# Exercise requirements:
Could you repeat all of the entries word for word, minus any pictures?

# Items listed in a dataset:
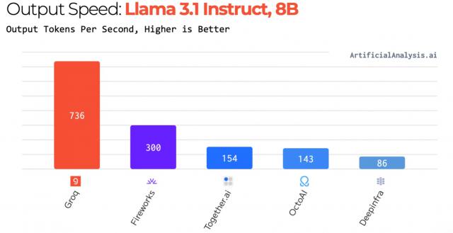 在 Llama 2-70B 在在推理任务时,LPU 该系统每秒都在进行 300 token 与英伟达达相比,吞吐量 H100 实现 10 倍性能提升,单位推理成本降低 80%。在 Llama 3.1-8B 在在推理任务时,LPU 该系统每秒进行一次 736 token 的吞吐量。
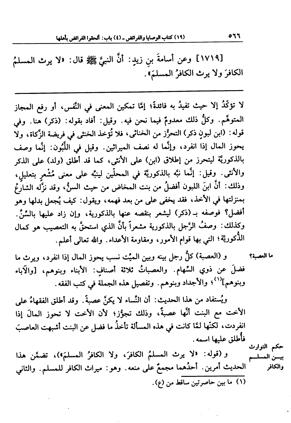[1719] وعَن أُسَامَةَ بنِ زَيدٍ أَنَّ النَّبِيَّ صَلَّى اللَّهُ عَلَيهِ وَسَلَّمَ قَالَ: لَا يَرِثُ المُسلِمُ الكَافِرَ، وَلَا يَرِثُ الكَافِرُ المُسلِمَ.
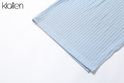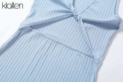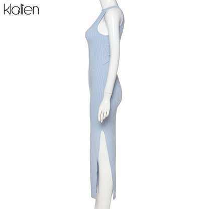 Backless fashion simple black rib knitting maxi streetwear casual Dress
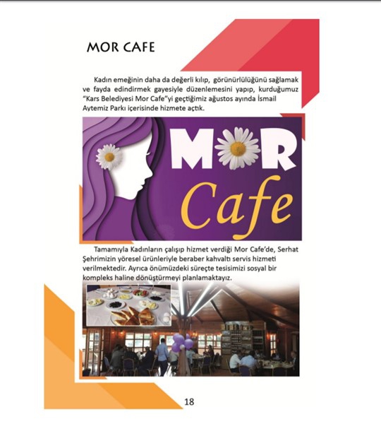 -Tamamıyla Kadınların çalışıp hizmet verdiği Mor Cafe’de, Serhat Şehrimizin yöresel ürünleriyle beraber kahvaltı servis hizmeti verilmektedir.Tesisimizi önümüzdeki süreçte tamamıyla sosyal bir kompleks haline dönüştürmeyi planlamaktayız.
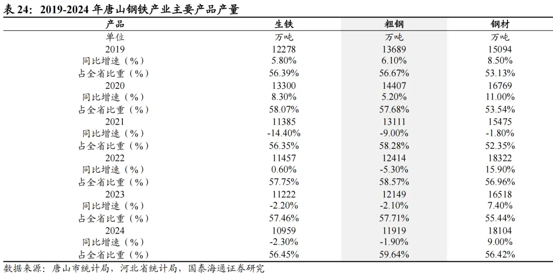 从布局看,河北钢铁产业充分发挥沿海临港和铁路沿线的运力资源优势,以唐山、邯郸等区域为重要承载地。特别是唐山,作为一座具有百年历史的沿海工业城市,钢铁产业是当地最具代表性的产业之一,主副行业门类齐全、产业链完整。2024年,唐山生铁、粗钢、钢材产量分别达1.10亿吨、1.19亿吨、1.81亿吨,占河北比重分别达56.5%、59.6%、56.4%,且2019-2024年占比均维持在50%以上。与此同时,唐山持续推动产业绿色化转型升级,现已培育出国家级绿色工厂19家、省级绿色工厂26家,2024年完成26家在产钢铁企业全面创A,数量位列全国第一。
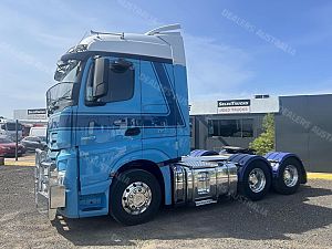 2017 Mercedes-benz actros 2663 6x4 prime movers, M-benz 630hp engines, auto transmission, M-benz diffs, 90 tonne b-double rated, abs, integrated high roof sleeper cabs , alloy bullbar, alloy rims, very well looked after ex one owner truck with service history , ** SOLD AS TRADED **
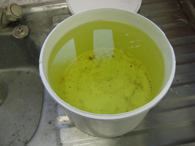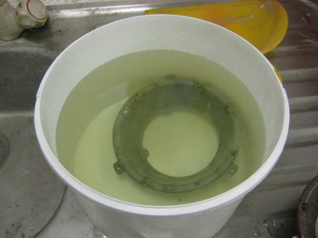 After 24 hours, you take the parts out, the solution has started to go yellow, this can be reused in this state until it is very dark yellow, almost black in colour. As I had already shot blast most of the rust off then the solution should last a while longer yet. |
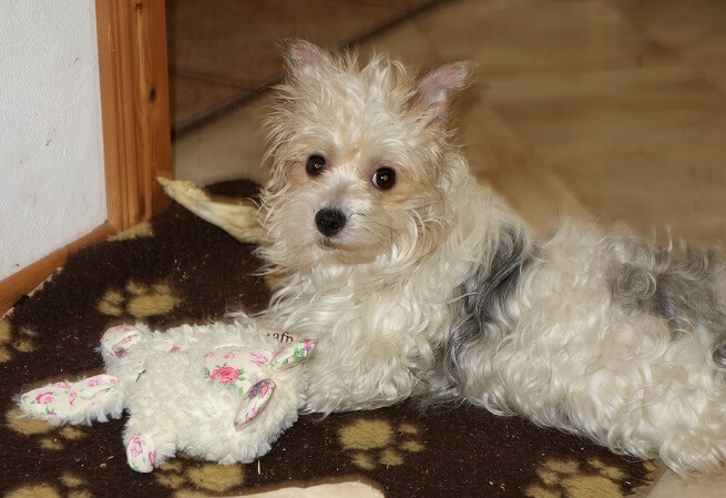 Sie liebt unseren Hund Napoleon über alles. Je länger sie da ist, desto selbstbewusster wird sie.
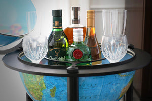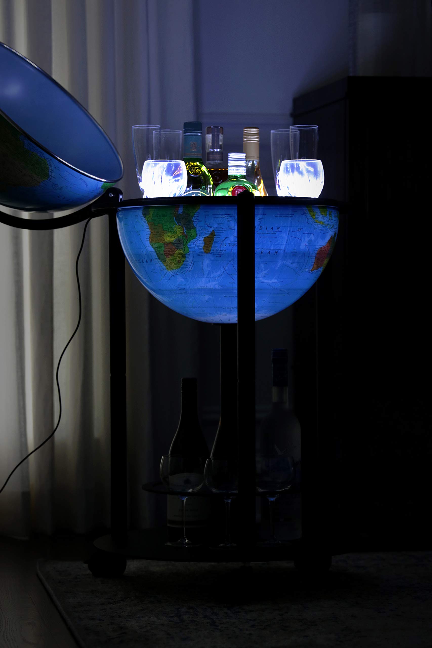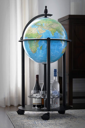 This Illuminated Bar Globe sets itself apart from other bar globes in many ways. It has an up to date topographical map on outside surface, and once illuminated, it shows up to date political map on inside surface. The globe ball also features a raised relief texture that accentuates mountainous terrain. The globe is illuminated by safe and reliable LED lights. The stand is a powder coated dark grey color that will go with any decor. When you open the northern hemisphere you will discover a spacious drink cabinet which allows you to store a diverse number of spirit bottles and glasses. The base has also designed shelf to accommodate additional storage of glasses and bottles. In addition, clean-up is easy due to the vinyl map material of the globe ball.
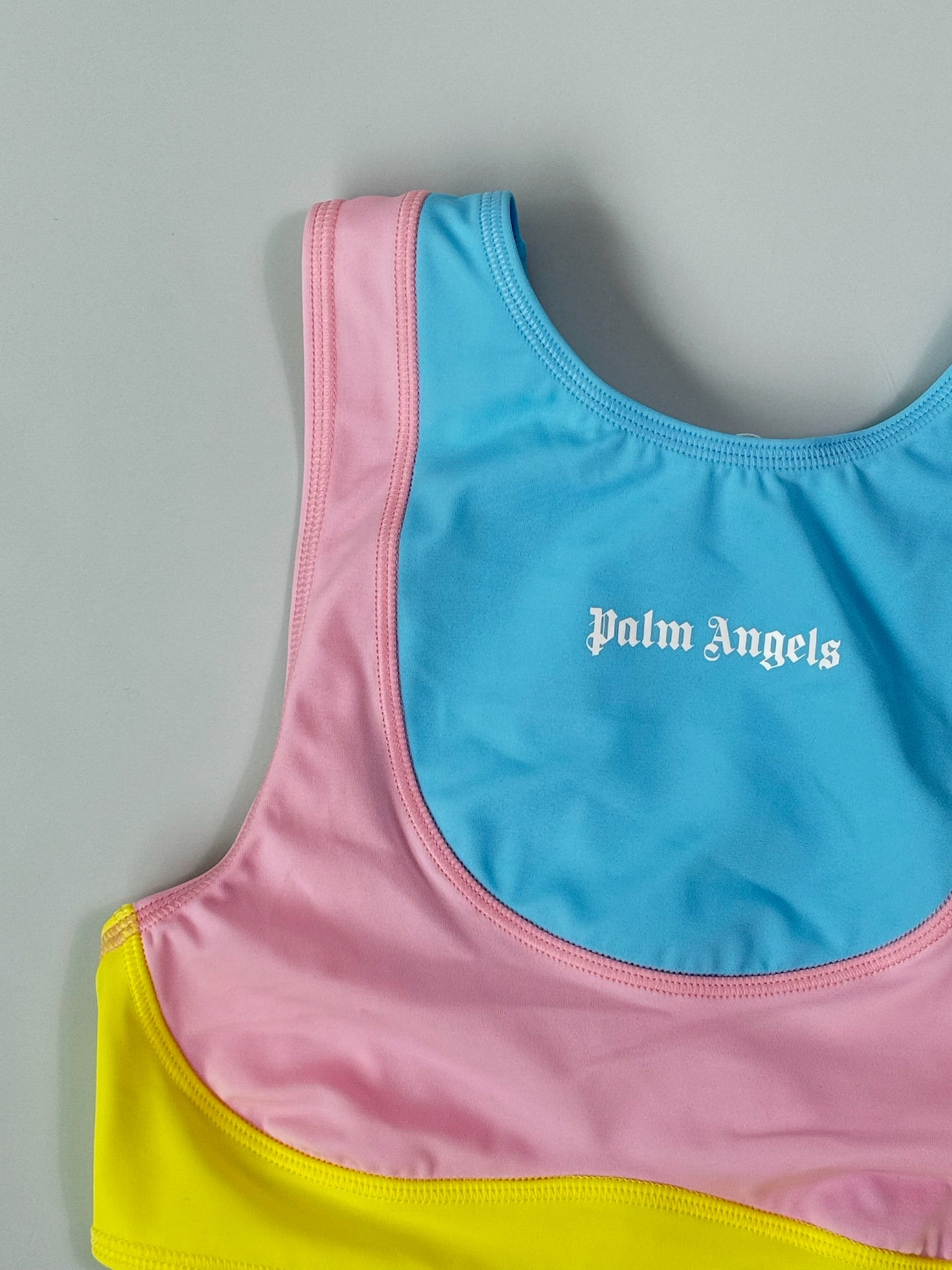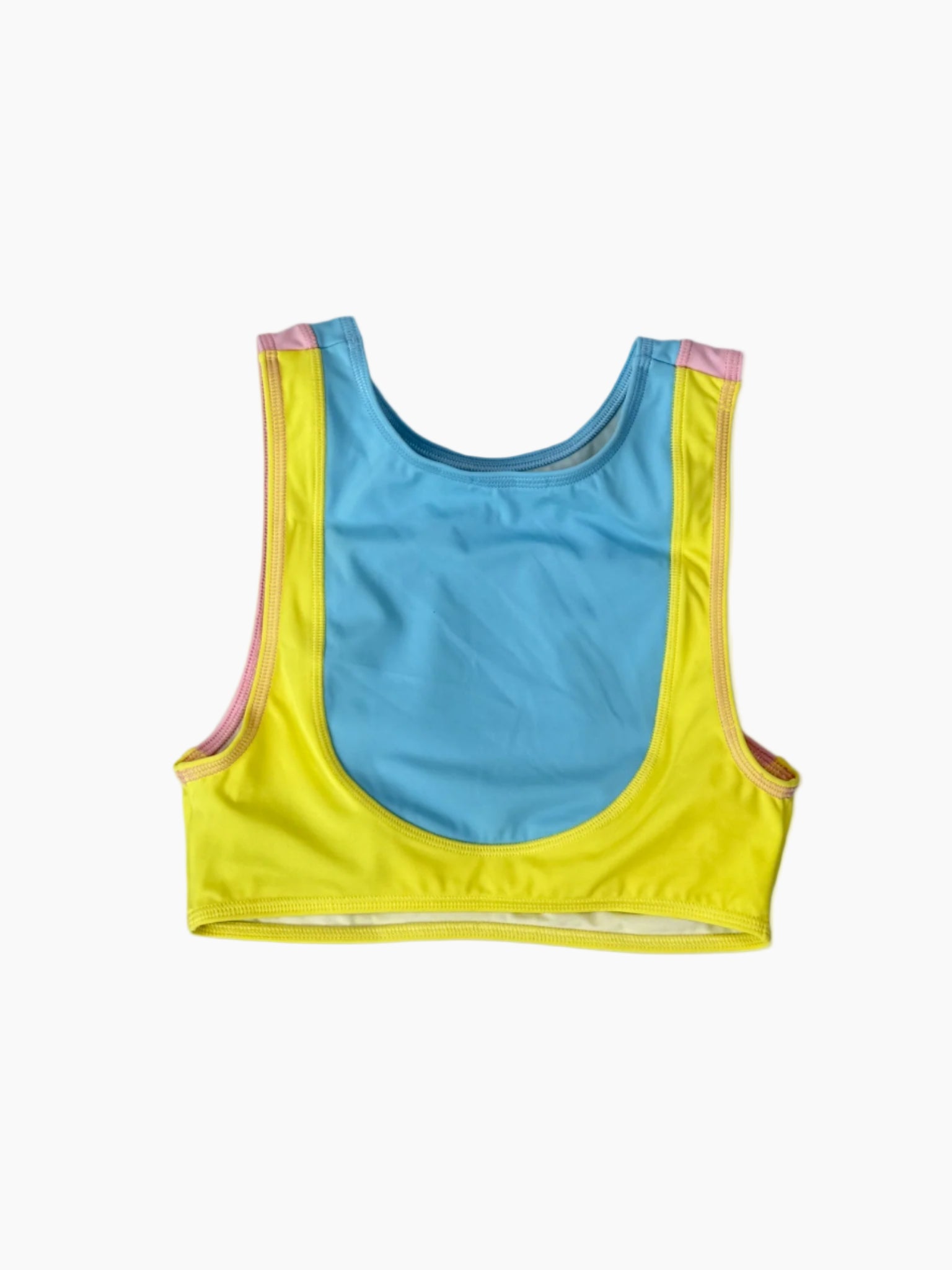 Top sportivo a fascia alta con spalline larghe e design color block nei toni pastello: azzurro, rosa e giallo. Logo bianco stampato sul retro. Un capo vivace e funzionale pensato per lo sport, ma perfetto anche in look streetwear estivi.
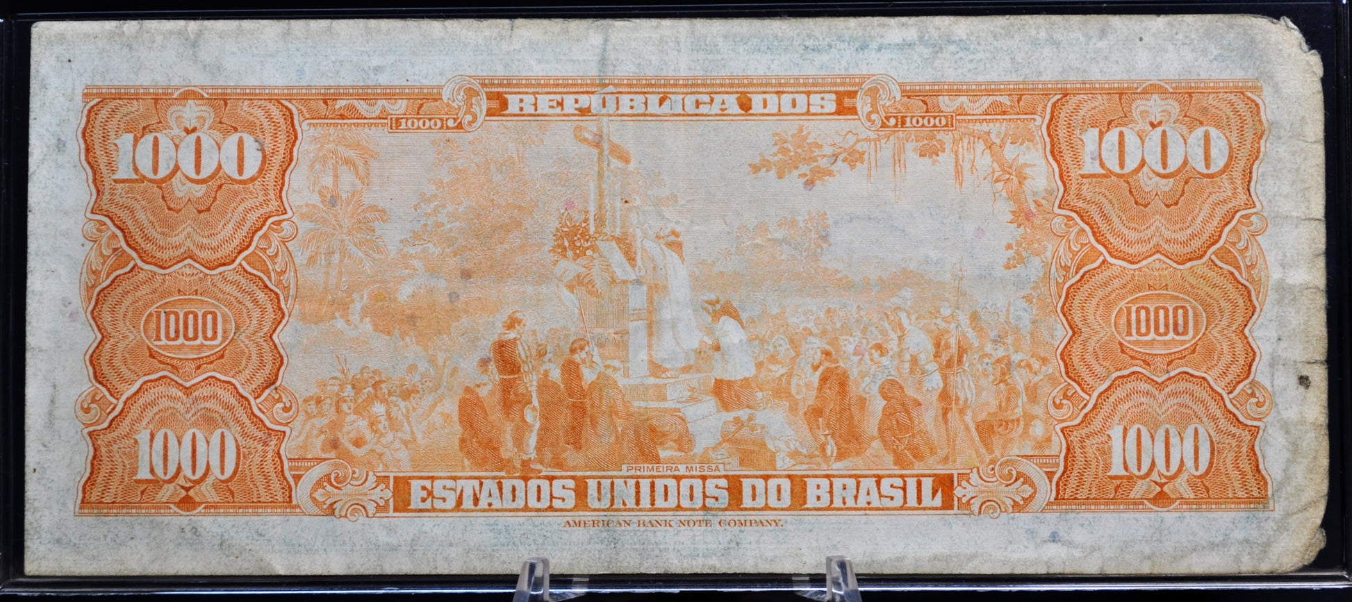 1967 Brazil Valor Legal 1 Cruzeiro Novo on 1000 Cruzeiros Note - Series 4361 - 1967 Brazilian One Cruzeiro Novo Stamped Note - P#187b
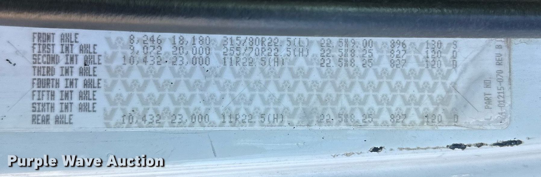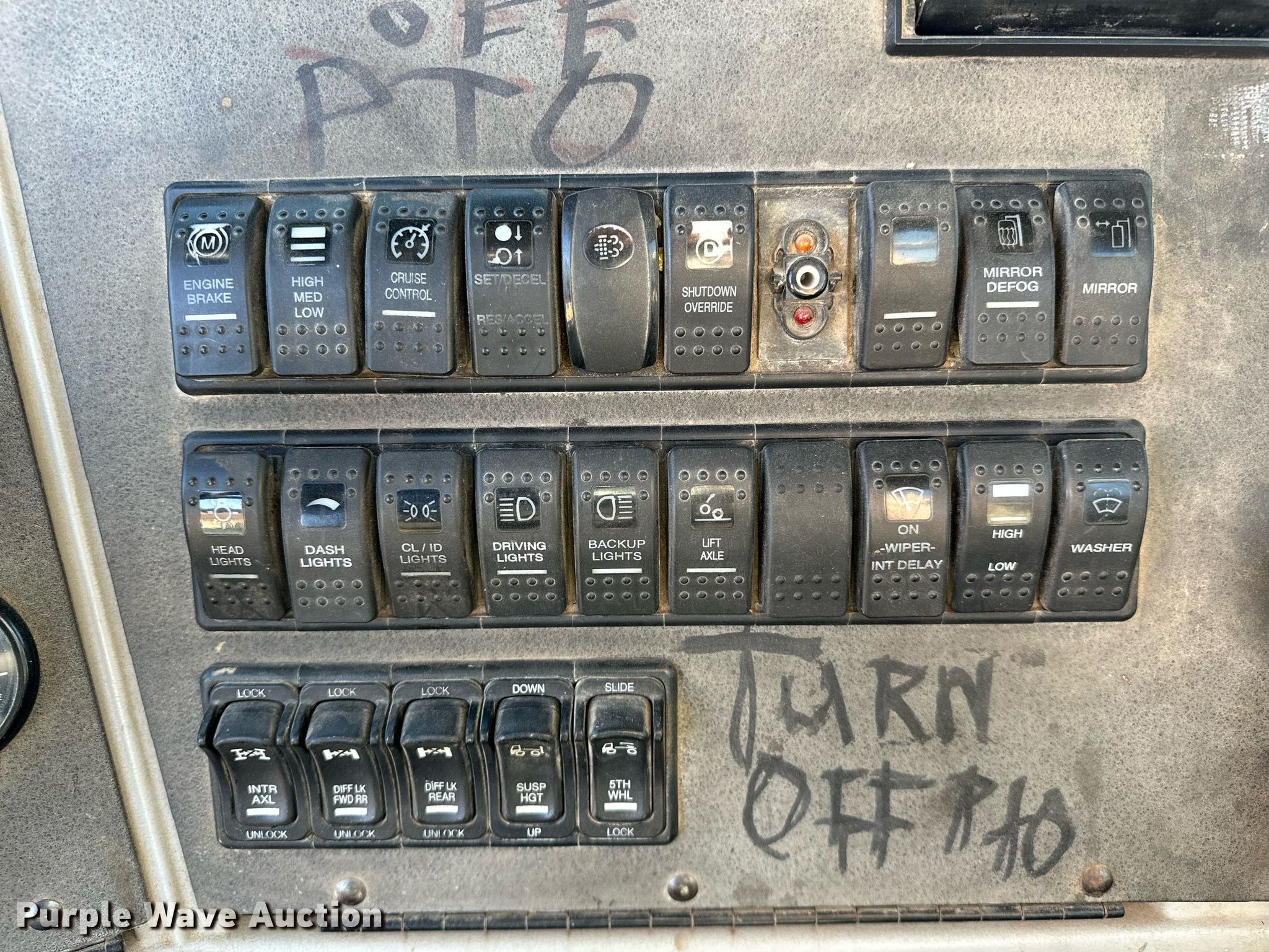 2013 Western Star 4900 semi truck. Miles: 332,574 on odometer, Miles or hours may vary, unit still in use, VIN: 5KJNAEDRXDPBW5369. Engine Detroit Diesel, Cylinders: 6, Fuel type: Diesel, Engine brake. Transmission Eaton Fuller, Manual, Speed: 18. Chassis Axles: Tandem, Pusher axle, Differential lock: Full, Suspension: Air Dump valves, Brakes: Air, PTO, Wet kit, GVWR: 76,000 lbs FAWR: 18,180 lbs, IAWR: 23,000 lbs, RAWR: 23,000 lbs, Lift axle GAWR: 20,000 lbs. Interior AC, Heat, Heated mirrors, Power windows, Power locks, Cruise control, Air ride cab. Features Deck plate: Aluminum, Fifth wheel type: Air operated, Hydraulic lift, Sliding, Rolling tailboard, Fuel tank: Dual. Tires Size: 11R22.5, Lift axle: 255/70R22.5. Notes Trailer not included, Contents not included, Chains and binders not included, Dash warning indicator: Check engine, ABS, Windshield chipped or cracked. Oklahoma title. Title distribution may be delayed up to 14 days from verification of funds. Tulsa, OK 74132

# Output for this task:
 在 Llama 2-70B 在在推理任务时,LPU 该系统每秒都在进行 300 token 与英伟达达相比,吞吐量 H100 实现 10 倍性能提升,单位推理成本降低 80%。在 Llama 3.1-8B 在在推理任务时,LPU 该系统每秒进行一次 736 token 的吞吐量。
[1719] وعَن أُسَامَةَ بنِ زَيدٍ أَنَّ النَّبِيَّ صَلَّى اللَّهُ عَلَيهِ وَسَلَّمَ قَالَ: لَا يَرِثُ المُسلِمُ الكَافِرَ، وَلَا يَرِثُ الكَافِرُ المُسلِمَ.
 Backless fashion simple black rib knitting maxi streetwear casual Dress
 -Tamamıyla Kadınların çalışıp hizmet verdiği Mor Cafe’de, Serhat Şehrimizin yöresel ürünleriyle beraber kahvaltı servis hizmeti verilmektedir.Tesisimizi önümüzdeki süreçte tamamıyla sosyal bir kompleks haline dönüştürmeyi planlamaktayız.
 从布局看,河北钢铁产业充分发挥沿海临港和铁路沿线的运力资源优势,以唐山、邯郸等区域为重要承载地。特别是唐山,作为一座具有百年历史的沿海工业城市,钢铁产业是当地最具代表性的产业之一,主副行业门类齐全、产业链完整。2024年,唐山生铁、粗钢、钢材产量分别达1.10亿吨、1.19亿吨、1.81亿吨,占河北比重分别达56.5%、59.6%、56.4%,且2019-2024年占比均维持在50%以上。与此同时,唐山持续推动产业绿色化转型升级,现已培育出国家级绿色工厂19家、省级绿色工厂26家,2024年完成26家在产钢铁企业全面创A,数量位列全国第一。
 2017 Mercedes-benz actros 2663 6x4 prime movers, M-benz 630hp engines, auto transmission, M-benz diffs, 90 tonne b-double rated, abs, integrated high roof sleeper cabs , alloy bullbar, alloy rims, very well looked after ex one owner truck with service history , ** SOLD AS TRADED **
 After 24 hours, you take the parts out, the solution has started to go yellow, this can be reused in this state until it is very dark yellow, almost black in colour. As I had already shot blast most of the rust off then the solution should last a while longer yet. |
 Sie liebt unseren Hund Napoleon über alles. Je länger sie da ist, desto selbstbewusster wird sie.
 This Illuminated Bar Globe sets itself apart from other bar globes in many ways. It has an up to date topographical map on outside surface, and once illuminated, it shows up to date political map on inside surface. The globe ball also features a raised relief texture that accentuates mountainous terrain. The globe is illuminated by safe and reliable LED lights. The stand is a powder coated dark grey color that will go with any decor. When you open the northern hemisphere you will discover a spacious drink cabinet which allows you to store a diverse number of spirit bottles and glasses. The base has also designed shelf to accommodate additional storage of glasses and bottles. In addition, clean-up is easy due to the vinyl map material of the globe ball.
 Top sportivo a fascia alta con spalline larghe e design color block nei toni pastello: azzurro, rosa e giallo. Logo bianco stampato sul retro. Un capo vivace e funzionale pensato per lo sport, ma perfetto anche in look streetwear estivi.
 1967 Brazil Valor Legal 1 Cruzeiro Novo on 1000 Cruzeiros Note - Series 4361 - 1967 Brazilian One Cruzeiro Novo Stamped Note - P#187b
 2013 Western Star 4900 semi truck. Miles: 332,574 on odometer, Miles or hours may vary, unit still in use, VIN: 5KJNAEDRXDPBW5369. Engine Detroit Diesel, Cylinders: 6, Fuel type: Diesel, Engine brake. Transmission Eaton Fuller, Manual, Speed: 18. Chassis Axles: Tandem, Pusher axle, Differential lock: Full, Suspension: Air Dump valves, Brakes: Air, PTO, Wet kit, GVWR: 76,000 lbs FAWR: 18,180 lbs, IAWR: 23,000 lbs, RAWR: 23,000 lbs, Lift axle GAWR: 20,000 lbs. Interior AC, Heat, Heated mirrors, Power windows, Power locks, Cruise control, Air ride cab. Features Deck plate: Aluminum, Fifth wheel type: Air operated, Hydraulic lift, Sliding, Rolling tailboard, Fuel tank: Dual. Tires Size: 11R22.5, Lift axle: 255/70R22.5. Notes Trailer not included, Contents not included, Chains and binders not included, Dash warning indicator: Check engine, ABS, Windshield chipped or cracked. Oklahoma title. Title distribution may be delayed up to 14 days from verification of funds. Tulsa, OK 74132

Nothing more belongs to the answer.